--- DATA LISTING Enclosed Below ---

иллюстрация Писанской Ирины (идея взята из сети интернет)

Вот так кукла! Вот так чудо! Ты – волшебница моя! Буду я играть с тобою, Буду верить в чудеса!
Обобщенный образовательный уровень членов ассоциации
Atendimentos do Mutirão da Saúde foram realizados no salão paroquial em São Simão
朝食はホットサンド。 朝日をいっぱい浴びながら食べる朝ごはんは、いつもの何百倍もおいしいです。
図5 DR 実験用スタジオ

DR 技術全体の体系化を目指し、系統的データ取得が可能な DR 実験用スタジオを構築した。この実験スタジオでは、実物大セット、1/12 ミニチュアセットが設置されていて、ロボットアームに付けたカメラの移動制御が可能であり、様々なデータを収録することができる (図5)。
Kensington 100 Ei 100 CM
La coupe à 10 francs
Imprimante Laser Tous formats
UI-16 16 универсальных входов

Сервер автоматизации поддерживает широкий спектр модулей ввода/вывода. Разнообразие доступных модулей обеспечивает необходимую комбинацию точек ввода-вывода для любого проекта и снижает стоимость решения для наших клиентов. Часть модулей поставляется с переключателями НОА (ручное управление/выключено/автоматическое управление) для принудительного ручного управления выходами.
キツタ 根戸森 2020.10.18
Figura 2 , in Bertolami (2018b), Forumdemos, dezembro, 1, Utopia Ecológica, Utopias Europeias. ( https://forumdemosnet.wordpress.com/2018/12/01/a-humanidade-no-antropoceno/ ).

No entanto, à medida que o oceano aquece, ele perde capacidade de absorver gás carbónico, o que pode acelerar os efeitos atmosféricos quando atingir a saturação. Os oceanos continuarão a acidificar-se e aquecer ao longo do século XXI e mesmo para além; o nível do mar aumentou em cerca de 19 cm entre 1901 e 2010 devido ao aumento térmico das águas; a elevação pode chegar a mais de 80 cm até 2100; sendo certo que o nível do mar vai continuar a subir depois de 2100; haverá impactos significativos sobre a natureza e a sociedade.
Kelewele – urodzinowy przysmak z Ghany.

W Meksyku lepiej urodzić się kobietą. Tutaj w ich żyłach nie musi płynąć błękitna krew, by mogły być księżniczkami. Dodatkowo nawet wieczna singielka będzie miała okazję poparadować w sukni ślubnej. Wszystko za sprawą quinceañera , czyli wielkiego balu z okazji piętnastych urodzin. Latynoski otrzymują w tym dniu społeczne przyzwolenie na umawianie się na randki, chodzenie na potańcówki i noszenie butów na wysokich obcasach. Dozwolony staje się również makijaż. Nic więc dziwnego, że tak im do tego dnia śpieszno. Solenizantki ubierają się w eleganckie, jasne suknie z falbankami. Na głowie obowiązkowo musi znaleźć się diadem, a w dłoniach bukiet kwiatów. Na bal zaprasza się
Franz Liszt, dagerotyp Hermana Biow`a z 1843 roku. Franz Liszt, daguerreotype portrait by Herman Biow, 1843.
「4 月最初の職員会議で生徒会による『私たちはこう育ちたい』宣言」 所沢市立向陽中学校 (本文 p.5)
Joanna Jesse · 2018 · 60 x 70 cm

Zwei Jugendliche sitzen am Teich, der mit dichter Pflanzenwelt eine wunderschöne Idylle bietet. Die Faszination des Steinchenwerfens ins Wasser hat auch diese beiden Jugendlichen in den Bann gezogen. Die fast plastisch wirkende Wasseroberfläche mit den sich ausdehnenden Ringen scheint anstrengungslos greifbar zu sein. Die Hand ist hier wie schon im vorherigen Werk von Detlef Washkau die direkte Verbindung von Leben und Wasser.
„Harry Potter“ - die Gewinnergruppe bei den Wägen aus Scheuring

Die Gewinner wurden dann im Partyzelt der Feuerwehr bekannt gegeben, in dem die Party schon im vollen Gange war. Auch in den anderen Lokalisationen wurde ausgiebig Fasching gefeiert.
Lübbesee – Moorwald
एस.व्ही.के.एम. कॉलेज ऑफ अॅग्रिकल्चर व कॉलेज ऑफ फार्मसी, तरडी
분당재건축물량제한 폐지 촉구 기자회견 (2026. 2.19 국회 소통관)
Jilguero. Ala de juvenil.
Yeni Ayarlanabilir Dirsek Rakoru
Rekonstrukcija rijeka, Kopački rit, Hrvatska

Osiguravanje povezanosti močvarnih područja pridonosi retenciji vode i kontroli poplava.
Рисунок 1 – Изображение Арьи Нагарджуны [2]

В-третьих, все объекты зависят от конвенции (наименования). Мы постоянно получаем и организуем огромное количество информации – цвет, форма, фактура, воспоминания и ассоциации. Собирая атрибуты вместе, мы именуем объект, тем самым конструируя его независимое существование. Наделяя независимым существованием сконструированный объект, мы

--- End of Enclosed DATA LISTING ---

All the entries above must be repeated exactly as they were given.

иллюстрация Писанской Ирины (идея взята из сети интернет)

Вот так кукла! Вот так чудо! Ты – волшебница моя! Буду я играть с тобою, Буду верить в чудеса!
Обобщенный образовательный уровень членов ассоциации
Atendimentos do Mutirão da Saúde foram realizados no salão paroquial em São Simão
朝食はホットサンド。 朝日をいっぱい浴びながら食べる朝ごはんは、いつもの何百倍もおいしいです。
図5 DR 実験用スタジオ

DR 技術全体の体系化を目指し、系統的データ取得が可能な DR 実験用スタジオを構築した。この実験スタジオでは、実物大セット、1/12 ミニチュアセットが設置されていて、ロボットアームに付けたカメラの移動制御が可能であり、様々なデータを収録することができる (図5)。
Kensington 100 Ei 100 CM
La coupe à 10 francs
Imprimante Laser Tous formats
UI-16 16 универсальных входов

Сервер автоматизации поддерживает широкий спектр модулей ввода/вывода. Разнообразие доступных модулей обеспечивает необходимую комбинацию точек ввода-вывода для любого проекта и снижает стоимость решения для наших клиентов. Часть модулей поставляется с переключателями НОА (ручное управление/выключено/автоматическое управление) для принудительного ручного управления выходами.
キツタ 根戸森 2020.10.18
Figura 2 , in Bertolami (2018b), Forumdemos, dezembro, 1, Utopia Ecológica, Utopias Europeias. ( https://forumdemosnet.wordpress.com/2018/12/01/a-humanidade-no-antropoceno/ ).

No entanto, à medida que o oceano aquece, ele perde capacidade de absorver gás carbónico, o que pode acelerar os efeitos atmosféricos quando atingir a saturação. Os oceanos continuarão a acidificar-se e aquecer ao longo do século XXI e mesmo para além; o nível do mar aumentou em cerca de 19 cm entre 1901 e 2010 devido ao aumento térmico das águas; a elevação pode chegar a mais de 80 cm até 2100; sendo certo que o nível do mar vai continuar a subir depois de 2100; haverá impactos significativos sobre a natureza e a sociedade.
Kelewele – urodzinowy przysmak z Ghany.

W Meksyku lepiej urodzić się kobietą. Tutaj w ich żyłach nie musi płynąć błękitna krew, by mogły być księżniczkami. Dodatkowo nawet wieczna singielka będzie miała okazję poparadować w sukni ślubnej. Wszystko za sprawą quinceañera , czyli wielkiego balu z okazji piętnastych urodzin. Latynoski otrzymują w tym dniu społeczne przyzwolenie na umawianie się na randki, chodzenie na potańcówki i noszenie butów na wysokich obcasach. Dozwolony staje się również makijaż. Nic więc dziwnego, że tak im do tego dnia śpieszno. Solenizantki ubierają się w eleganckie, jasne suknie z falbankami. Na głowie obowiązkowo musi znaleźć się diadem, a w dłoniach bukiet kwiatów. Na bal zaprasza się
Franz Liszt, dagerotyp Hermana Biow`a z 1843 roku. Franz Liszt, daguerreotype portrait by Herman Biow, 1843.
「4 月最初の職員会議で生徒会による『私たちはこう育ちたい』宣言」 所沢市立向陽中学校 (本文 p.5)
Joanna Jesse · 2018 · 60 x 70 cm

Zwei Jugendliche sitzen am Teich, der mit dichter Pflanzenwelt eine wunderschöne Idylle bietet. Die Faszination des Steinchenwerfens ins Wasser hat auch diese beiden Jugendlichen in den Bann gezogen. Die fast plastisch wirkende Wasseroberfläche mit den sich ausdehnenden Ringen scheint anstrengungslos greifbar zu sein. Die Hand ist hier wie schon im vorherigen Werk von Detlef Washkau die direkte Verbindung von Leben und Wasser.
„Harry Potter“ - die Gewinnergruppe bei den Wägen aus Scheuring

Die Gewinner wurden dann im Partyzelt der Feuerwehr bekannt gegeben, in dem die Party schon im vollen Gange war. Auch in den anderen Lokalisationen wurde ausgiebig Fasching gefeiert.
Lübbesee – Moorwald
एस.व्ही.के.एम. कॉलेज ऑफ अॅग्रिकल्चर व कॉलेज ऑफ फार्मसी, तरडी
분당재건축물량제한 폐지 촉구 기자회견 (2026. 2.19 국회 소통관)
Jilguero. Ala de juvenil.
Yeni Ayarlanabilir Dirsek Rakoru
Rekonstrukcija rijeka, Kopački rit, Hrvatska

Osiguravanje povezanosti močvarnih područja pridonosi retenciji vode i kontroli poplava.
Рисунок 1 – Изображение Арьи Нагарджуны [2]

В-третьих, все объекты зависят от конвенции (наименования). Мы постоянно получаем и организуем огромное количество информации – цвет, форма, фактура, воспоминания и ассоциации. Собирая атрибуты вместе, мы именуем объект, тем самым конструируя его независимое существование. Наделяя независимым существованием сконструированный объект, мы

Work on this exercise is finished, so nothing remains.